Expression of TMEM119 and CD206 by monocytes/macrophages and microglia. C57BL/6 mice were inoculated with 1x10⁶ iRBCs. Percentage of TMEM119⁺ cells within CD45^hiCD11b⁺F4/80⁺ (A) and CD45^lowCD11b⁺F4/80⁺ (B) populations. Representative histogram and bar plots showing the median fluorescence intensity (MFI) of TMEM119 on the CD45^hiCD11b⁺ and CD45^lowCD11b⁺ cells (C). Percentage of CD206⁺ cells within CD45^hiCD11b⁺F4/80⁺ (D) and CD45^lowCD11b⁺F4/80⁺ (E) populations. Representative histogram and bar plots showing the MFI of CD206 on the CD45^hiCD11b⁺ and CD45^lowCD11b⁺ cells (F). The dashed line in the histograms represents the FMO (fluorescence minus one) control. Significant differences between groups were analyzed by one-way ANOVA, with the results indicated for p = 0.03 (*), p = 0.007 (**), p = 0.0006 (***) and p < 0.0001 (****).
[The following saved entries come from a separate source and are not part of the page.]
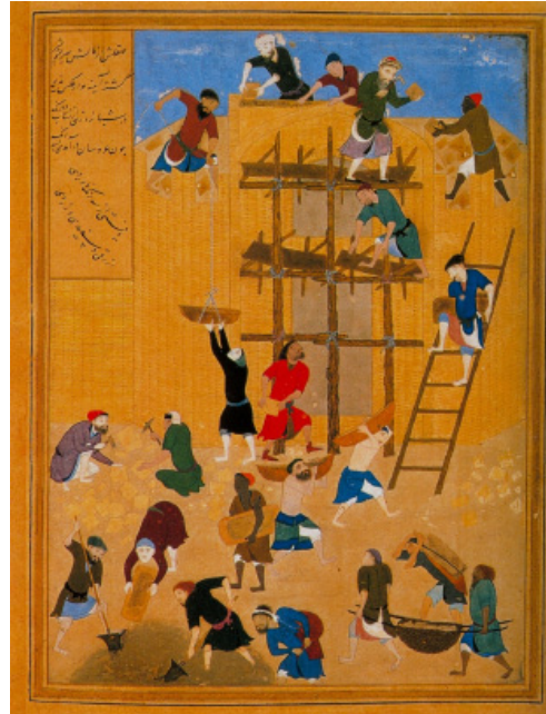
تصویر ۱: ساختن کاخ خورنق، کمال‌الدین بهزاد، خمسه نظامی، اواخر سده نهم هجری، موزه بریتانیا

از این دست نگاره‌ها بخشی اختصاصاً به عمل و ساخت معماری مربوط است؛ مثل نگاره‌هایی که در مرقد اصناف آمده است و اطلاعاتی در زمینه فهم معماری به مثابه پیشه به‌دست می‌دهد. این دسته از نگاره‌ها برای مطالعه موضوعاتی از قبیل چگونگی طرح‌اندازی یا تبدیل طرح به بنا، ابزار و مواد کار معماران یا استادکاران، گروه سازندگان و شناخت اجتماعی ایشان و موضوعاتی از این قبیل مناسب‌اند. این نگاره‌ها گرچه معدودند و کمتر مورد توجه قرار گرفته‌اند، مدرک بی‌نظیری برای چنین موضوعاتی است.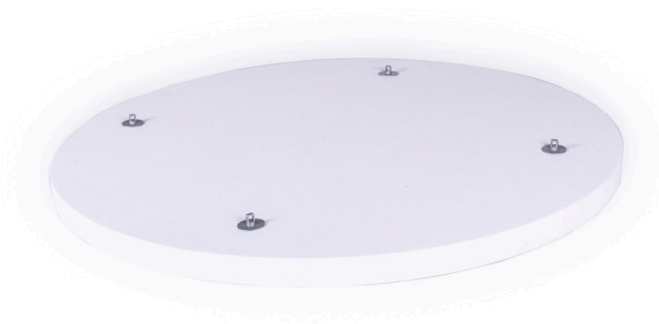
Soundstone kaderloos eiland rond; blik op de bovenzijde (inclusief ophangogen)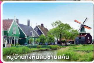
หมู่บ้านกังหันลมซานสคัน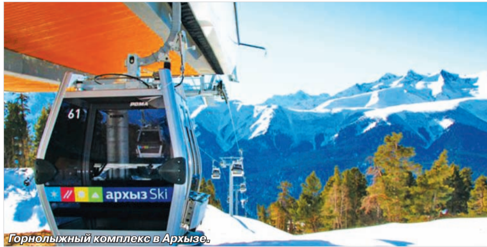
Горнолыжный комплекс в Архызе.

«Северо-Кавказский горный клуб» работает всего год. Его главная цель – создать единую туроператорскую структуру на Кавказе. Компания занимается круглогодичной организацией активного и экстремального туризма. Две ее главные гордости – новая футуристичная гостиница на южном склоне Эльбруса и «Аланский путь» – экспедиция на семи новеньких Toyota Land Cruiser по неизведанным горным маршрутам. А в прошлом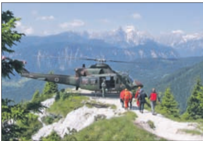
Reševalna akcija oskrbnice kočje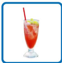
大久保涼留おすすめ！ 大人な趣味ピンクグレープフルーツと グレナデンのカクテル(ノンアルコール) 850円(税込)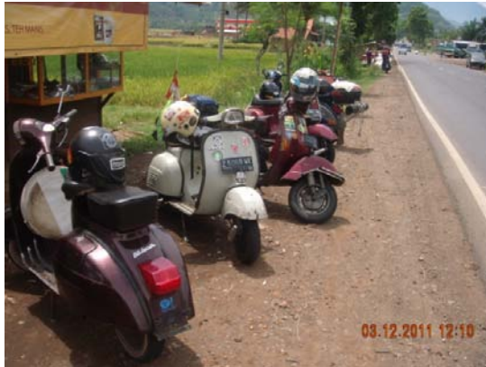
Gambar 5. Contoh aliran skuter standar Diambil pada 3 Desember 2011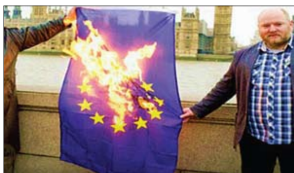
إيطاليون يحرقون العلم الأوروبي لتعاضد الاتحاد الأوروبي عن مساعدتهم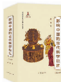
《影响中国的古代科学巨匠》 葛冰著 须臾绘 作家出版社

“写作变革的大方向应该是道德勇气的确立和理想信念的重铸,写作的最终成果是创造人格、更新生命。有必要重申,人格仍然是最重要的写作力量。”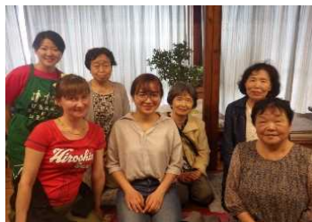
ランチミーティング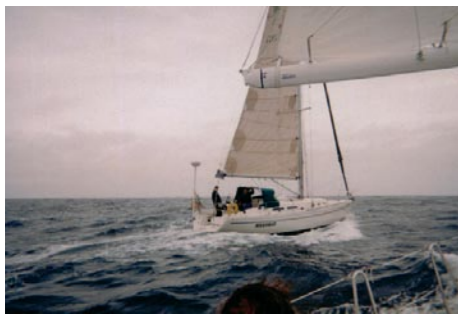
1. Hilfe über Notruf herbeigerufen

Zusätzlich hatte er den Schaft angebohrt, was die Stabilität beeinträchtigte. Beides führte zum Bruch des Schaftes und Verlust des Ruders. Zur Vermeidung solcher Risiken, ist es dringend ratsam, bauliche Veränderungen nur von einem Fachbetrieb durchführen zu lassen.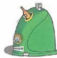
Contenidor verd: sols residus d'envasos de vidre, com botelles i pots de vidre.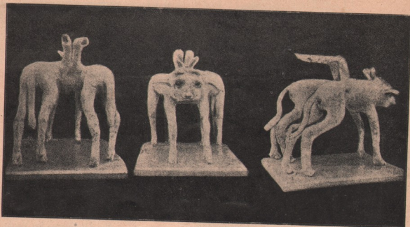
Un joc caprițoi al naturii: Un vițel cu două corpuri și un cap, și două din picioarele dinainte, crescute în sus, în spate, în loc de a fi la locul lor lângă celelalte.

societății Scoda capătă dividendă de 15%. De, așa-i lumea: mulți săraci, puțini bogați.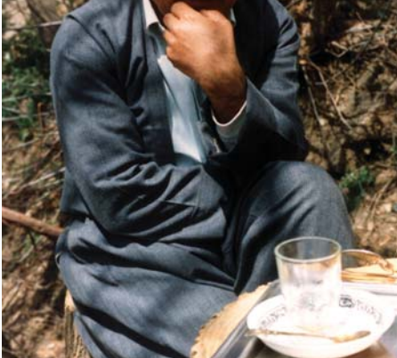
ناوەندى بۆ كۆنگرەى نوێمە

«دیموكراسى دیارە بۆ ژيانى كۆمەلگەى ئینسانى وەك هەوا واپە، بەلام ئینسان ئەتیا بە هەوا نازى و نان و ئاوىش دەوى» (پاشان نامازە و بە لاتانى ئامریكای لاتین دەكا كە 10 سالیگە دیموكراسى لە نێویان دا چێكێر بووه، بەلام هەنگاو بۆ كێشە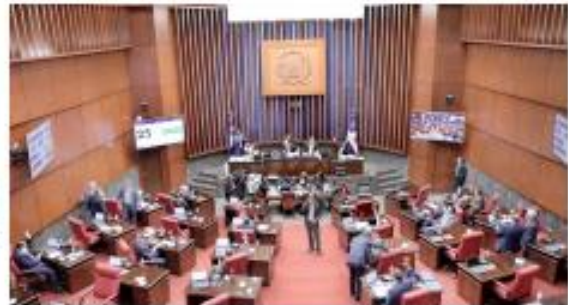
Los legisladores conocieron varias iniciativas de interés nacional. P. 9

La pieza indica, además, que estará conformada por el Estado dominicano, representado por el Ministerio de la Presidencia, en funciones de fideicomiten-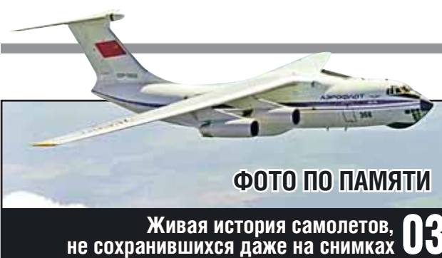
ФОТО ПО ПАМЯТИ

Живая история самолетов, не сохранившихся даже на снимках 03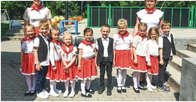
Népi gyermekjátékot adott elő a Kárász utcai ovi Süni csoportja.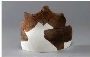
2 H-6出土土器 (第174图45)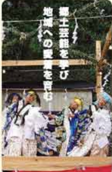
郷土芸能を学び地域の産業を学ぶ

このように、学校内だけでなく、周囲の自然環境や、温かく見守ってくれる地域の人たちまでが、雄勝小の児童にとっての学舎であり先生であるようです。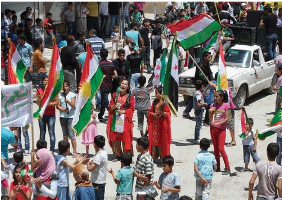
دیھەنیک لە زرگاریی شاری کوبانی خوراوی کوردستان لە چنگی رژی می بەشار نەسەد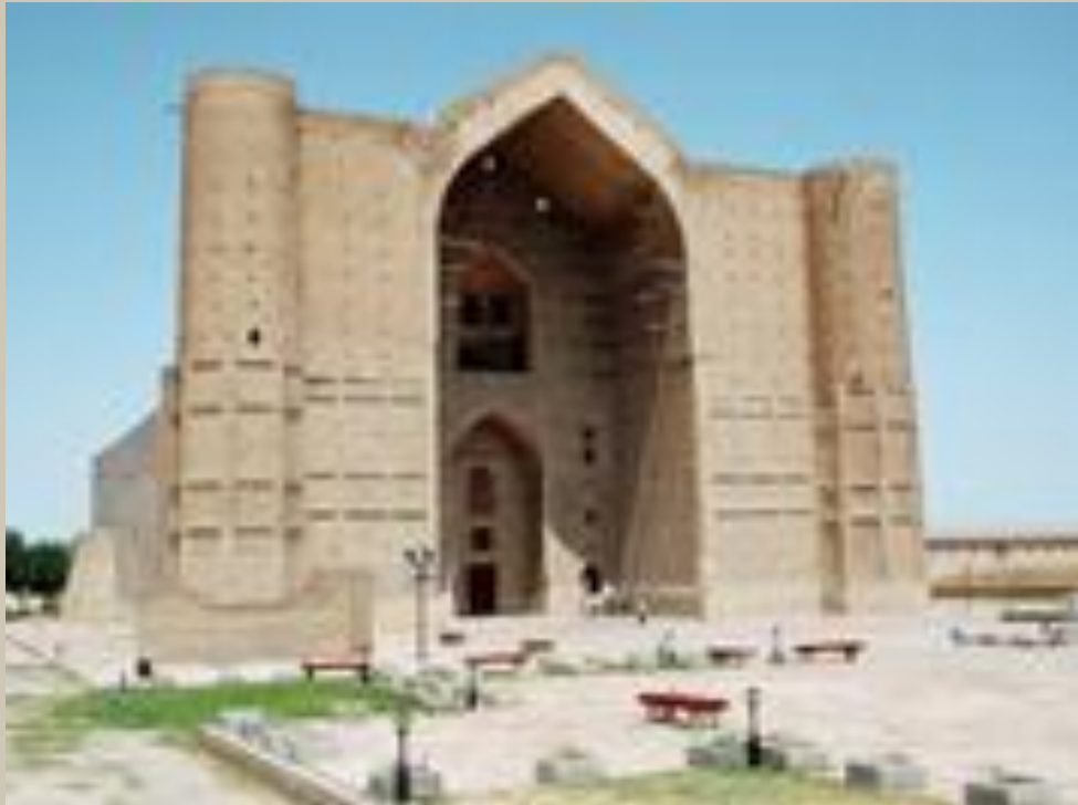
Мавзолей Ходжи Ахмеда Яссави. Туркестан (вид с фасада)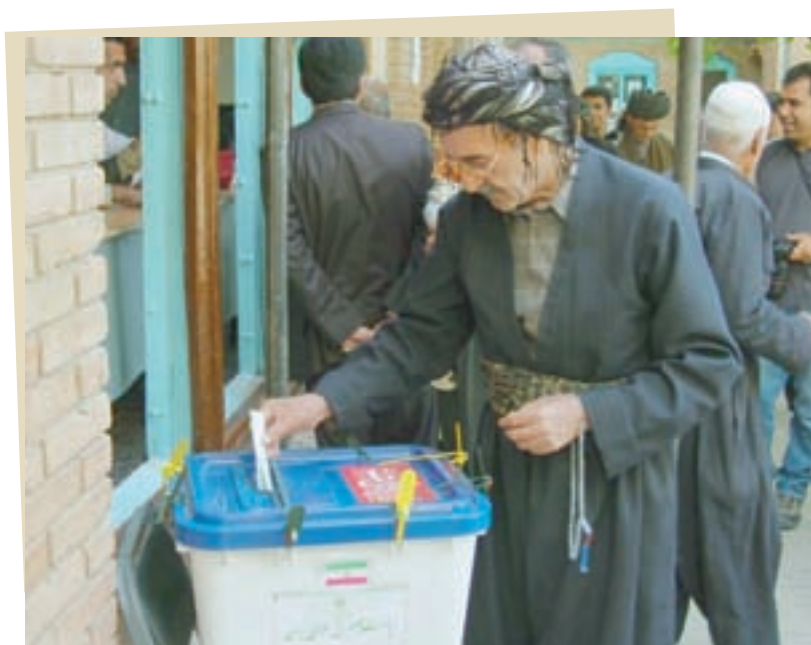
میزان رأی ملت است (امام خمینی)

۲- مشارکت ملت در اداره امور کشور: یکی دیگر از دستاوردهای انقلاب اسلامی، مشارکت حقیقی مردم در اداره کشور است. رئیس‌جمهور و نمایندگان مجلس شورای اسلامی، مجلس خبرگان رهبری و شورای شهر و روستا با رأی مستقیم مردم انتخاب می‌شوند. بالاترین مقام کشور، یعنی رهبر، نیز توسط نمایندگان مردم در مجلس خبرگان رهبری برگزیده می‌شود.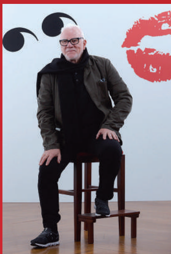
MALCOLM McDOWELL ARROPA LA PRESENTACIÓN DEL DOCUMENTAL LA NARANJA PROHIBIDA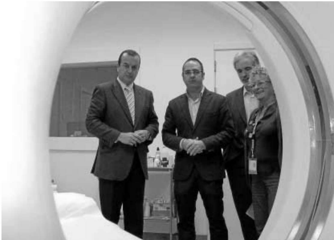
El delegado de Salud (izqda.) ayer durante su visita al Chare de Loja.

Las especialidades que comenzarán a funcionar a partir de la segunda semana de febrero serán Otorrinolaringología, Reumatología y Dermatología, mientras que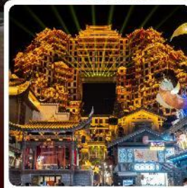
ตึกมหัศจรรย์ 72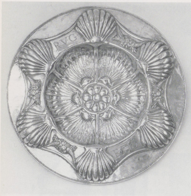
Afb. 5. Zilveren schotel aanwezig in de Wolvendaalkerk te Colombo. Aan de voorzijde zijn de initialen van Rijklof van Goens en Esther de Solemne ingegraveerd. Diameter 52 cm. Ca. 1668, Colombo.

er doorheen een pijl herkennen, treffen we aan op een grote zilveren schotel in de Wolvendaalkerk te Colombo (afb. 5 en 6) 4 . De mangaboom met een vogel erboven is niet erg overtuigend en heeft meer weg van een hand die naar iets grijpt. Op deze schotel, die zich al meer dan drie eeuwen in Colombo bevindt, is op de achterkant een tekst ingegraveerd, die de doop op 17 juni 1668 van Esther Ceylonia van Goens, dochter van Rijklof van Goens en Esther de Solemne (overleden 22 juni 1668) memoreert. Indien we aannemen dat het bord ouder is dan de datum van de inscriptie aangeeft, dan betekent dit dat er in Colombo mogelijk al voor juni 1668 gekeurd werd. Helaas zijn in die periode geen kopieën van alle resoluties naar Nederland gestuurd, zodat de benoeming van een eventuele keurmeester niet gemakkelijk is te verifiëren. In latere resoluties kon evenmin een benoeming van een keurmeester worden gevonden. Hoewel de schotel in principe in Colombo geïmporteerd kan zijn, is de combinatie van een onbekend merk op een schotel in Colombo én op een Oosters voorwerp als een kwispedor op zich al een sterke aanwijzing

The number of mice per group ranged from 9 to 11. The data were obtained from two independent experiments.

Figure 4

Total number and percentage of inflammatory monocytes, resident macrophages and microglia in the mouse brain following infection with Plasmodium berghei ANKA. C57BL/6 mice were inoculated with 1x10⁶ iRBCs. The absolute number (A-C) and percentage (D-F) of inflammatory monocytes (CD45^hiCD11b⁺TMEM119^-CD206^-), resident macrophages (CD45^hiCD11b⁺TMEM119^-CD206⁺), and microglia (CD45^lowCD11b⁺TMEM119⁺CD206^-). Significant differences between groups were analyzed by one-way ANOVA, with results indicated for p < 0.04 (*), p < 0.001 (**), p < 0.0005 (***), and p < 0.0001 (****). The number of mice per group ranged from 8 to 11. The data were obtained from a pool of two independent experiments.

Figure 5

Total number of inflammatory monocytes, resident macrophages and microglia expressing iNOS, and producing IL-1β or TNF during ECM. C57BL/6 mice were inoculated with 1x10⁶ iRBCs. The absolute number of iNOS⁺ (A-C), IL-1β⁺ (D-F), and TNF⁺ (G-I) cells among inflammatory monocytes, resident macrophages and microglia. Significant differences between groups were analyzed by one-way ANOVA, with results indicated for p < 0.03 (*), p < 0.002 (**), and p < 0.0001 (****). The number of mice per group ranged from 4 to 6. Representative data from two independent experiments.